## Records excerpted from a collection
○ ○ ○ ○
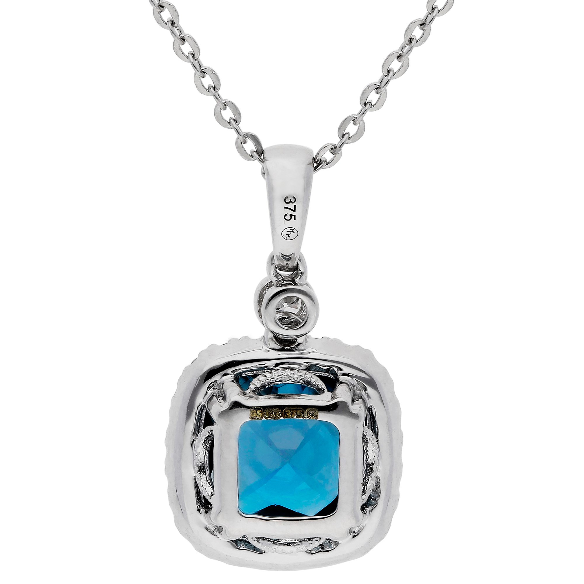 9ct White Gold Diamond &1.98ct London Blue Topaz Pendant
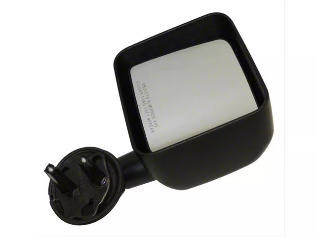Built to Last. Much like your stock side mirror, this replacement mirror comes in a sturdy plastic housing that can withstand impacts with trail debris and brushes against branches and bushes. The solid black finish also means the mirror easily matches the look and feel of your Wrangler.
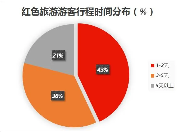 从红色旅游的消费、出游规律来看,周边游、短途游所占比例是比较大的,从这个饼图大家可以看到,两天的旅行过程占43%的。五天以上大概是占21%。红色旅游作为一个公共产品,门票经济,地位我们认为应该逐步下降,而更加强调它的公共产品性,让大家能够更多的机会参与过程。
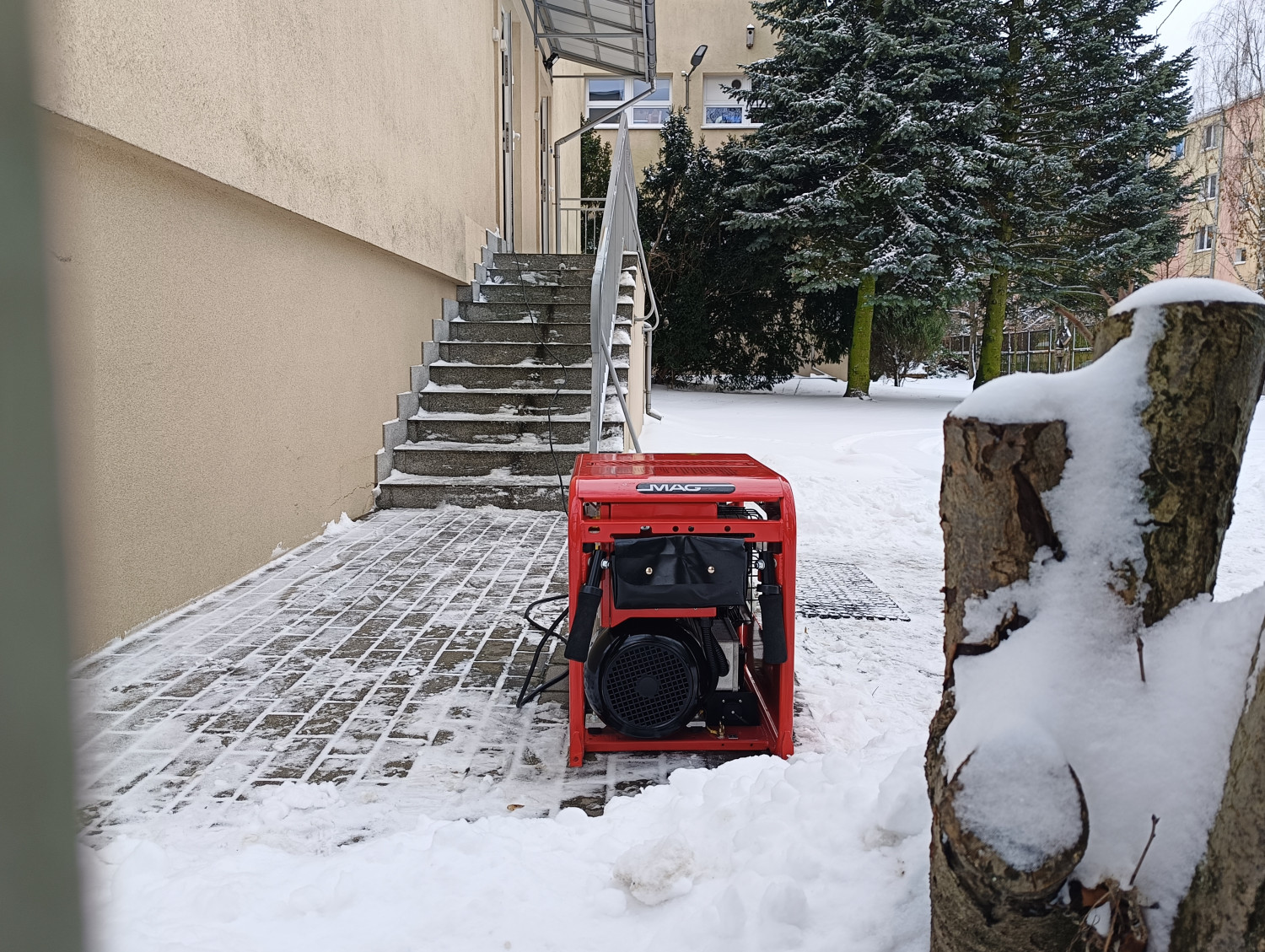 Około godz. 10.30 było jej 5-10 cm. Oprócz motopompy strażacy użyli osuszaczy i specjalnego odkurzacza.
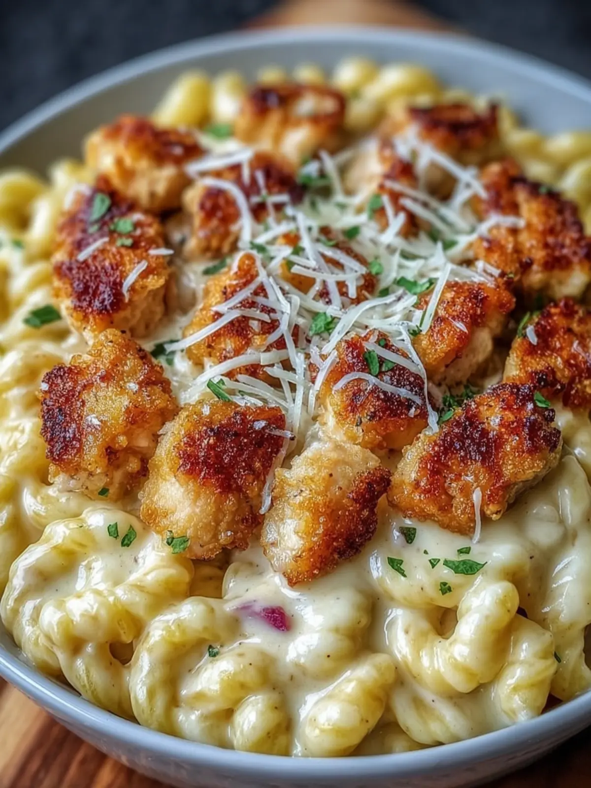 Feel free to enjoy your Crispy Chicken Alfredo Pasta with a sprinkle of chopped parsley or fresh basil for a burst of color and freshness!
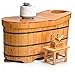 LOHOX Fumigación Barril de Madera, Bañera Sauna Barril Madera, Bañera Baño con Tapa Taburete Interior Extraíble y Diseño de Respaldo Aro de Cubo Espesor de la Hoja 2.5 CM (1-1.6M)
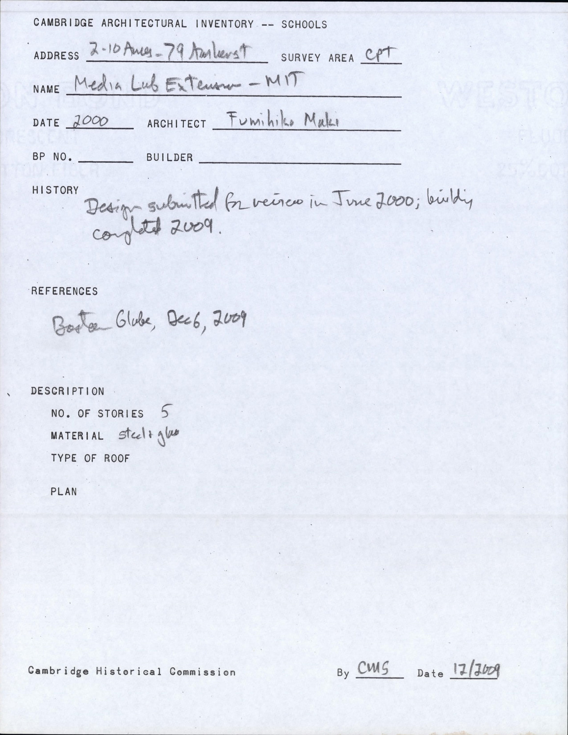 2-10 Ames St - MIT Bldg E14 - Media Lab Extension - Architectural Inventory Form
○ ○ ○ ○
## EXERCISE DETAILS
Would you please print out all the records above exactly, minus any pictures?

## COMPLETED TASK
 9ct White Gold Diamond &1.98ct London Blue Topaz Pendant
Built to Last. Much like your stock side mirror, this replacement mirror comes in a sturdy plastic housing that can withstand impacts with trail debris and brushes against branches and bushes. The solid black finish also means the mirror easily matches the look and feel of your Wrangler.
 从红色旅游的消费、出游规律来看,周边游、短途游所占比例是比较大的,从这个饼图大家可以看到,两天的旅行过程占43%的。五天以上大概是占21%。红色旅游作为一个公共产品,门票经济,地位我们认为应该逐步下降,而更加强调它的公共产品性,让大家能够更多的机会参与过程。
 Około godz. 10.30 było jej 5-10 cm. Oprócz motopompy strażacy użyli osuszaczy i specjalnego odkurzacza.
 Feel free to enjoy your Crispy Chicken Alfredo Pasta with a sprinkle of chopped parsley or fresh basil for a burst of color and freshness!
 LOHOX Fumigación Barril de Madera, Bañera Sauna Barril Madera, Bañera Baño con Tapa Taburete Interior Extraíble y Diseño de Respaldo Aro de Cubo Espesor de la Hoja 2.5 CM (1-1.6M)
 2-10 Ames St - MIT Bldg E14 - Media Lab Extension - Architectural Inventory Form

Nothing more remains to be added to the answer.